Anyways, I looked through the

Anyways, I looked through the report and the things Gosnell did were truly horrific. You're right in that no one would argue about that. But we're talking about a very abnormal, and highly irregular, case here. To be succinct, Texas lawmakers cited the Gosnell case as the rationale for their legislation. All I am saying is that if the law provokes women to go to illicit, unregulated operations for their procedures, one needs to consider whether or not the law is truly accomplishing its "goal" of preventing women from going through the same pain the women who went to Gosnell endured.

I'm well aware that

I'm well aware that regulations that impose life-saving standards have a tendency to increase the cost of doing business. I would argue that environmental regulations fulfill similar purposes (and are probably more important in terms of quantifiable life savings), but you'd probably disagree with me. As for this issue, there's no question in my mind as to what lawmakers intended with this law. Safety was not the primary concern. The primary concern was restricting a woman's right to choose what she can do with her body and to make a political statement. Again, the results have already proven catastrophic and these impacts were publicized prior to the bill's passage. Planned Parenthood is doing what it can – but it's kind of hard when the state pulls your funding. This has nothing to do with late-term abortions. It has to do with access. No access equates to people taking matters into their own hands.

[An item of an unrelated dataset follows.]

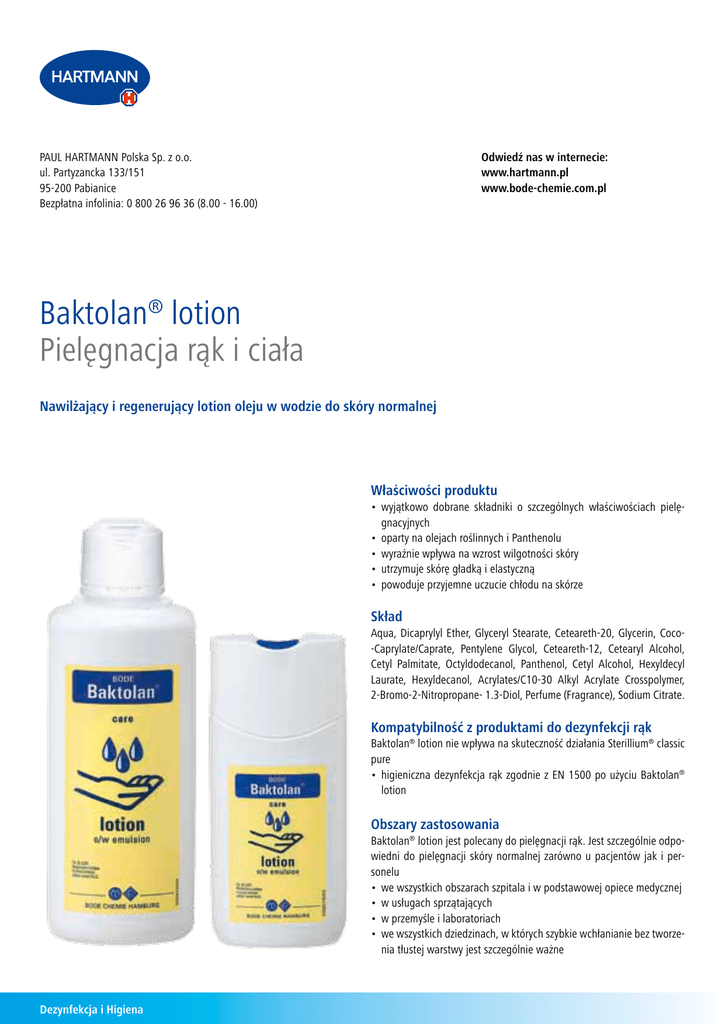 PAUL HARTMANN Polska Sp. z o.o. ul. Partyzancka 133/151 95-200 Pabianice Bezpłatna infolinia: 0 800 26 96 36 (8.00 - 16.00) Odwiedź nas w internecie: www.hartmann.pl www.bode-chemie.com.pl Baktolan® lotion Pielęgnacja rąk i ciała Nawilżający i regenerujący lotion oleju w wodzie do skóry normalnej Właściwości produktu • wyjątkowo dobrane składniki o szczególnych właściwościach pielęgnacyjnych • oparty na olejach roślinnych i Panthenolu • wyraźnie wpływa na wzrost wilgotności skóry • utrzymuje skórę gładką i elastyczną • powoduje przyjemne uczucie chłodu na skórze Skład Aqua, Dicaprylyl Ether, Glyceryl Stearate, Ceteareth-20, Glycerin, Coco-Caprylate/Caprate, Pentylene Glycol, Ceteareth-12, Cetearyl Alcohol, Cetyl Palmitate, Octyldodecanol, Panthenol, Cetyl Alcohol, Hexyldecyl Laurate, Hexyldecanol, Acrylates/C10-30 Alkyl Acrylate Crosspolymer, 2-Bromo-2-Nitropropane- 1.3-Diol, Perfume (Fragrance), Sodium Citrate. Kompatybilność z produktami do dezynfekcji rąk Baktolan® lotion nie wpływa na skuteczność działania Sterillium® classic pure • higieniczna dezynfekcja rąk zgodnie z EN 1500 po użyciu Baktolan® lotion Obszary zastosowania Baktolan® lotion jest polecany do pielęgnacji rąk. Jest szczególnie odpowiedni do pielęgnacji skóry normalnej zarówno u pacjentów jak i personelu • we wszystkich obszarach szpitala i w podstawowej opiece medycznej • w usługach sprzątających • w przemyśle i laboratoriach • we wszystkich dziedzinach, w których szybkie wchłanianie bez tworzenia tłustej warstwy jest szczególnie ważne Dezynfekcja i Higiena PAUL HARTMANN Polska Sp. z o.o. ul. Partyzancka 133/151 95-200 Pabianice Bezpłatna infolinia: 0 800 26 96 36 (8.00 - 16.00) Producent: BODE CHEMIE HAMBURG, 22525 Melanchthonstr. 27 Tel. +49 40 54006 – 111, fax - 777 Odwiedź nas w internecie: www.hartmann.pl www.bode-chemie.com.pl Sposób użycia i dawkowania Baktolan® lotion może być stosowany wielokrotnie w ciągu dnia. Dzięki doskonale dobranym składnikom m.in. olejom roślinnym, lotion posiada bardzo dobre właściwości pielęgnacyjne i charakteryzuje go ekonomiczne zastosowanie. Baktolan® lotion łatwo rozprowadza się na skórze i szybko wchłania, bez tworzenia uciążliwego, tłustego filmu. W celu higienicznej aplikacji poleca się pobieranie Baktolan® lotion przy użyciu dozownika lub pompki dozującej. Charakterystyka Baktolan® lotion, emulsja oleju w wodzie jest dostosowana do pH skóry. Podczas przygotowania lotionu, szczególną uwagę zwrócono na kompatybilność ze skórą i szybkie wchłanianie. Najwyższej jakości Panthenol wygładza i nawilża skórę oraz wspomaga jej regenerację. BODE pompa dozująca - dla butelek 350/500 ml BODE BODE półka ścienna dla butelek 350 ml BODE BODE dozownik Eurodispenser 1 - dla butelek 350/500 ml BODE dozownik Eurodispenser 2000 - dla butelek 350/500 ml BODE dozownik Eurodispenser 3000 – dla butelek 350/500 ml BODE dozownik Eurodispenser 1 plus – dla butelek 350/500 ml BODE dozownik Eurodispenser basic – dla butelek 350/500 ml Postać handlowa Jednostka miary Numer artykułu Opakowanie zbiorcze 100 ml 980170 24 butelka 350 ml 980171 20 butelka 500 ml 980172 20 Nr art. 859419 butelka Dezynfekcja i Higiena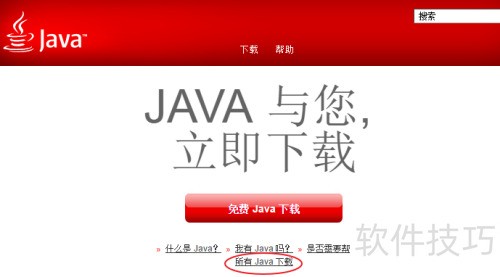 2、 访问Java官网,找到并点击页面下方的全部Java下载选项。

On a much more general note, in thinking about one of your last articles, why is it that Libertarians/Republicans so vehemently fight to keep government out of their mouths (free speech), their gun closets and their wallets, but reproductive organs are fair game? I've never been able to understand this because it's where things get murky in terms of what parties would normally stand for based on their stances on government control.

Wonderful, Melanie, just

Wonderful, Melanie, just wonderful.

Thanks for being a voice for humanity and against inhumanity like the abortion factories.

P.S. I quote Hannah Arendt and Dietrich Bonhoeffer in my classes all the time

"Wendy Davis was opposed to

"Wendy Davis was opposed to the Texas legislation because of its implications on the number of abortion clinics in the state. With the law now enacted, it is expected that only six of the more than 40 clinics in the state will still be open by September."

Yes, regulations that impose life-saving standards have a tendency to increase the cost of doing business. Are you suggesting there shouldn't be protective regulations or that existing regulations shouldn't be enforced?

Gosnell was doing illegal post-24 week abortions. Are you suggesting that's ok?

Also, isn't aiding low-income, minority women the mission of Planned Parenthood, one of the largest non-profits in the world?

What ever happened to "abortion should be safe, legal with significant limits, and rare".....that used to be the Democrat position.